Garlicky Miso Cauliflower

I love making this as a holiday side dish. It takes less than 30 minutes of oven room (which is valuable real estate during a feast), and it’s hard to mess up. If you ditch the coriander or add one-too-many-teaspoons of mustard, Garlicky Miso Cauliflower will still knock your and your guests’ socks off. My kind of holiday offering.

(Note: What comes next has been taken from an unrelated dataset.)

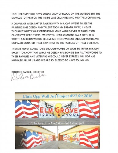 A couple of weeks after talking with Mr. Opp I went to see the paintings. His design and talent took my breath away. I never thought what I was seeing in my mind would ever be caught on canvas yet here it was. When you hear someone say a picture is worth a million words, believe me there weren’t enough words. Mr. Opp also donated these paintings to the families of these Veterans. There is never going to be enough words or ways to thank Mr. Opp, except to now that what his design has done is say all the words to these families and Veterans we could never express. Mr. Opp has humbled all of us and we are so blessed to have found him.”

garlicky miso cauliflower – thanksgiving veggie ftw


  • 2 lbs. cauliflower
  • 1/2 cup darkest miso paste you can find
  • 3 garlic cloves
  • 1 tsp. mustard
  • 1 Tbsp. honey
  • 1/2 tsp. ground coriander
  • 1/2 tsp. water – to thin the marinade
  • 1/4 cup olive oil


  1. Preheat oven to 450°F. Cut cauliflower into 2-inch sections. Evenly distribute in oiled baking dish.
  2. Either in a food processor or in a bowl with a fork, blend first five ingredients. Then, drizzle in olive oil and blend until combined. Pour this beautiful concoction over the cauliflower, trying to cover as much white vegetable surface area as you can. Aim to cover most but not all parts of the florets.
  3. Roast cauliflower in oven for 20-25 minutes, or until easily pierced with a fork. Spoon the juices in the pan over the veggies if possible (or soak up with a piece of bread – it’s that good). Serve immediately.

I shared this with Waste Not Want Not Wednesday.